如图1展现了本发明建立图关系结构过程,并且对比了一般图数据库的建图过程。本发明的创新点就在于图数据结构的生成过程中体现创新的“聚合边”的概念。
传统的图结构在建图过程中常用的是“简单边”的处理方式。本发明提出的“聚合边”概念,就是在建图的过程中,可以根据业务上预先选择与定义的属性字段预先进行聚合计算。比如:在交易转账的关联关系图建图过程,本发明不是简单只记录了两两对手方的转账明细的关系。可以根据业务查询的指标要求,例如要重点计算转账次数这个变量计算,我们可以预先聚合计算转账次数,在边的属性上形成聚合计算后结果的“聚合边”。
在“聚合边”的基础上,本发明结合“时间切片”的概念进一步拓展了“聚合边”的概念,从而引出“时序聚合边”的概念。“时间切片”指的是把连续的时间按照某个时间单位(如每天、每小时、过去的30分钟等)进行切割,进而形成一系列固定长度的时间窗口。所有数据根据其某一约定的时间属性字段的值(比如交易时间,或是事件发生时间),被分配到对应的时间窗口内。时间窗口内的数据根据业务要求的算法进行聚合,为这个时间窗口计算出一个聚合值。不同的计算指标会根据其计算业务内容的不同,具有不同的聚合值算法。进一步地,不同的计算指标根据其业务含义可以分配不同的时间切片长度。
本发明的图模型结构与存储方式,就是在系统的内存当中,以“时序聚合边”的数据结构概念存储计算指标的结果。该“时序聚合边”结果可以进一步用于各种各样的实时关联关系的计算或是实时决策等的计算需要。
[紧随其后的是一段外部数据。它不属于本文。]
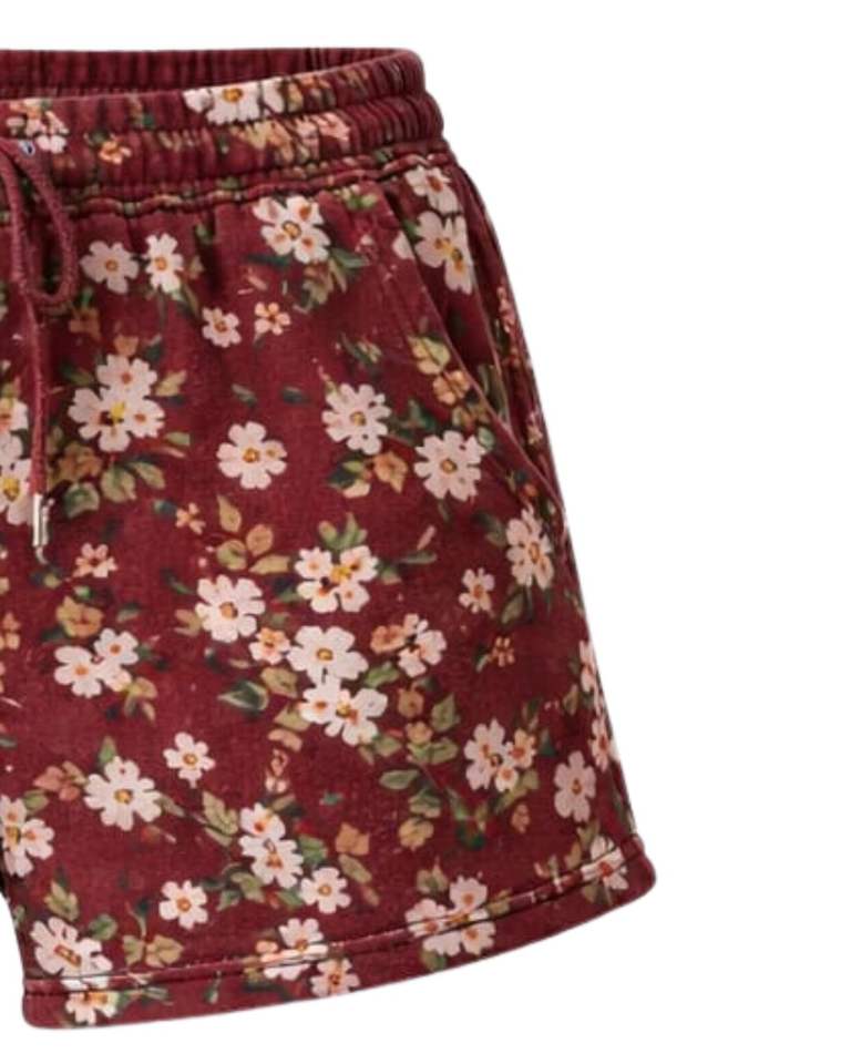 กางเกงขาสั้นผ้าฟลีซพิมพ์ลายดอกไม้สีแดงเบอร์กันดีสำหรับผู้หญิง เอวยางยืด สวมใส่สบาย เหมาะสำหรับฤดูร้อน รับผลิตตามสั่ง OEM ขายส่ง คุณภาพส่งออก

如图2所示,给出了本发明的“时序聚合边”的一个实现示例。假设账户A向账户B在六个小时内进行了如下转账流水,数字代表转账金额;查询指标是账户A向账户B在某几个小时内的转账总额;定义时间窗口长度为1小时。此处,数据条目数是13,时间窗口数量是6。本发明 不是直接存储13条原始数据,仅存储每个时间窗口聚合得到的结果,共6个,称为聚合值。在响应查询时,利用这些聚合值按预先约定的算法进行某些计算(本例是相加)。可以看出来,在查询的时候,计算量比用原始数据进行计算要少得多。因此,不论时间、空间,本发明的消耗都比其它图数据库要少。像这样把实体(账户)间的关联关系(转账)上具有的信息(金额),依据预先定义的指标(累计金额),计算出各数据所在时间窗口的聚合结果,并存储在系统的内存当中,即形成“时序聚合边”。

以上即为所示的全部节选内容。